Антон говорит с Майей минуты две, после чего разочарованно вздыхает, резко падая рядом с безразлично разглядывающим потолок Арсением. Смотрит исподлобья своими оленьими глазками, пугает. Попов поднимается на локтях и внимательно всматривается в расстроенные глазки напротив, всем своим видом показывая, что он в полной готовности услышать причину. Что же сокрушило его мальчика?

— Арсений Сергеевич… — зря… ой как зря. — А вы Новый год с кем будете отмечать?

Антон несмело пододвигается ближе, тыкаясь взглядом куда угодно, лишь бы не смотреть в тёмно-голубые глаза Арсения, внимательно следящие за любой сменой эмоций, за каждым его движением, за всем ним в целом. Тихонечко шуршит пледом в поисках мужской ладони и крепко её сжимает. Ему нужна поддержка. Всегда была нужна.
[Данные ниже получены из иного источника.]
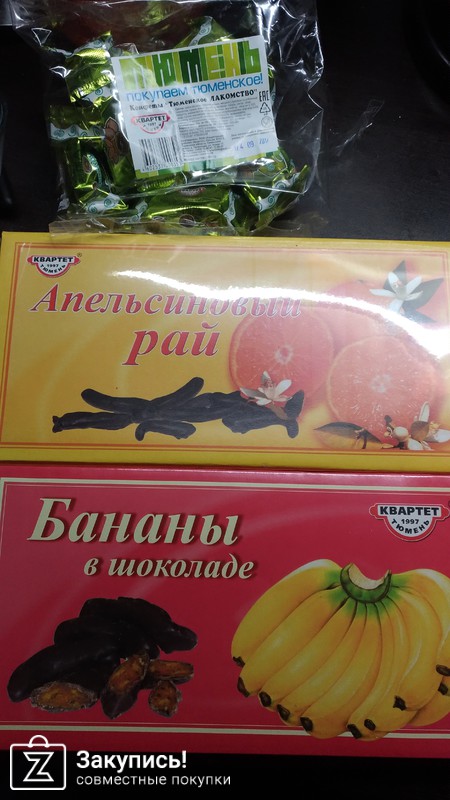 О том, что в моем родном городе фирма Квартет производит вкусные конфеты я знала давно, но каждый раз приезжая в Тюмень не могла выкроить время, чтоб заехать и купить. Спасибо, Алевтина, за закупку!!! Кусочек тепла с малой Родины 😊😊😊 Заказывала Бананы в шоколаде, Апельсиновый рай и Тюменское лакомство. Последние конфетки приятно удивили сочетанием миндаля и мармелада! В принципе все конфетки вкусные, но больше всего я не могла оторваться от бананов 😍😍😍🍌🍫 Свеженькие конфетки всегда приятно кушать. Заказ получила 9 сентября, Бананы произведены и упакованы 30 августа, Апельсиновый - 28 августа, а лакомство - 4 сентября! Всем рекомендую!!!

— Да как обычно, с Павлом Алексеевичем, — всё ещё улыбаясь, выдаёт мужчина, аккуратно перебирая шелковистые пряди на кудрявый головушке. — А что?
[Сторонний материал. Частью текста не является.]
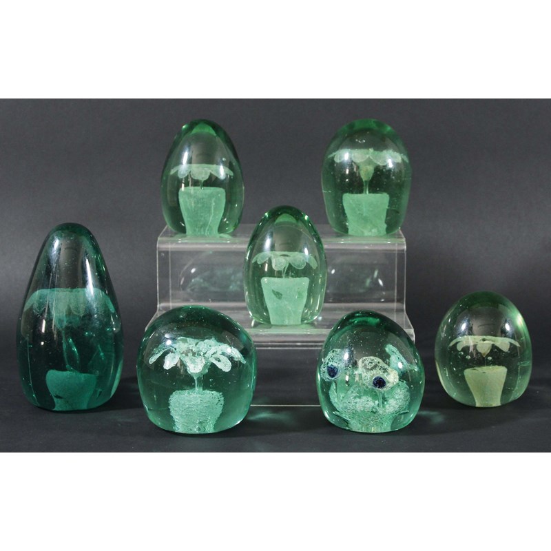 COLLECTION OF SEVEN VICTORIAN GREEN GLASS DUMPS, with floral decoration, height 8cm to 14cm (7)
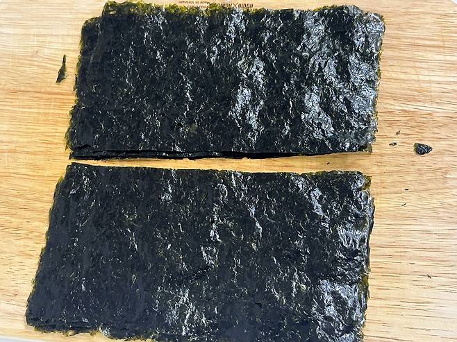 김 3~4장을 1/2 등분하여 준비하세요.
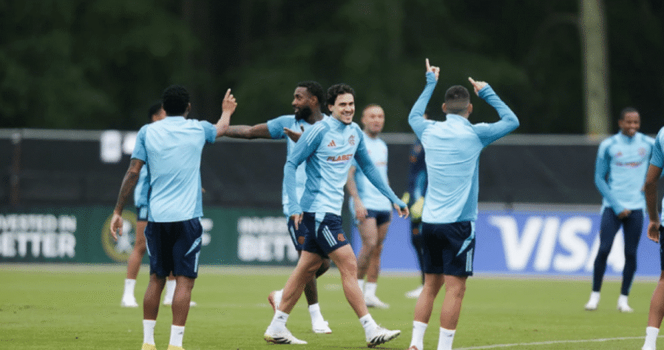 Em preparação para enfrentar o Chelsea na segunda rodada do Mundial de Clubes, o treinamento do Flamengo nesta quarta-feira (18) precisou começar um pouco mais tarde do que o previsto.

— Меня мама заставила с ними ехать к родственникам…

— И чего ты дуешься? — брюнет резко нависает над вжимающимся от необъяснимого страха в матрас парнем, ведя носом вдоль шеи.
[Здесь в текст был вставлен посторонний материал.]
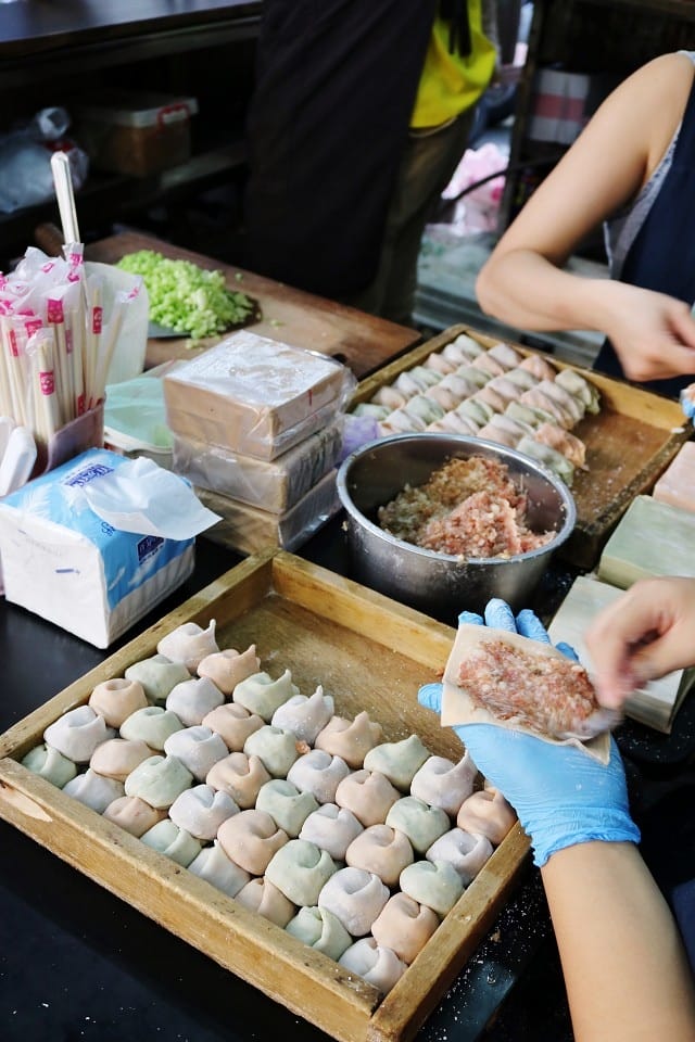 最喜歡看現場包餛飩了,以蔬菜製作的三色大餛飩皮,

Приятно вдыхать яблочный гель для душа, закатывая глаза от нахлынувшего возбуждения. Приятно, особо не касаясь молочной кожи, оставлять невесомые поцелуи, от которых у мальчишки башню сносит. Приятно чувствовать, как под тобой трепещет любимое тощее тельце и желает лишь тебя. Тебя одного.

Необъяснимо приятно.

— Не знаю… наверное, мне просто страшно? — выдыхает с протяжным стоном Антон и чуть не хлопает себе по лицу, когда чувствует напрягающиеся над затаившим дыхание телом мышцы, сжимающиеся по обе стороны от его головы кулаки и нервно-гневную полуулыбку, застывшую на губах Арсения. Ну вот зачем он это сказал вслух? Совсем мозги отшибло? Гормоны в голову шибанули? И не надо тут никаких детсадовских отговорок. Виноват — исправляй. Он же сейчас встанет и пойдёт пизды всем раздавать, а не с тобой, идиотом, обниматься продолжит.

— Т-то есть н-нет! Не страшно, а… не хочется от вас уезжать просто, — грустно подводит Антон, тыкаясь мордочкой в грудь Попова.

— Я не позволю ему причинить тебе боль снова, понял меня? — рычит на ухо Арсений Сергеевич, буквально вжимая подростка в себя.

Антон быстро-быстро закивал, чувствуя, как Попов плавными движениями поглаживает его по голове и нежно целует в затылок, а сам подрагивает от злости и крайнего раздражения. Замечая, как на глаза наворачивались предательские слезы, Шастун тут же старательно сдерживает прилив новой истерики. Он чё, переквалифицировался в сопливую девочку-подростка? Или это слабая, неустойчивая психика не выдерживает напряжения и ломается?

Отмена слёз, Антон — мужик.

Мужик же?

Мужик!

А мужики не пла… да бля-я-я…

Сопли, слюни, слёзы смешиваются и рвутся наружу. Антон завывает от обиды. Крупные соленые капли, не переставая, катились по розовым щёчкам, капая на ключицу и размазываясь по серой футболке Попова тёмными пятнами. Что же его так расстроило? Да он до ужаса не хотел расставаться с Арсением Сергеевичем и тем более уезжать за сотню километров, когда вроде бы вот только-только всё начинало налаживаться!

— Антош, ну ты чего? Прекрати реветь, я же тут, ну! — тихо посмеивался над щенячьим скулежом Попов, успокаивающе поглаживая парня за ушком.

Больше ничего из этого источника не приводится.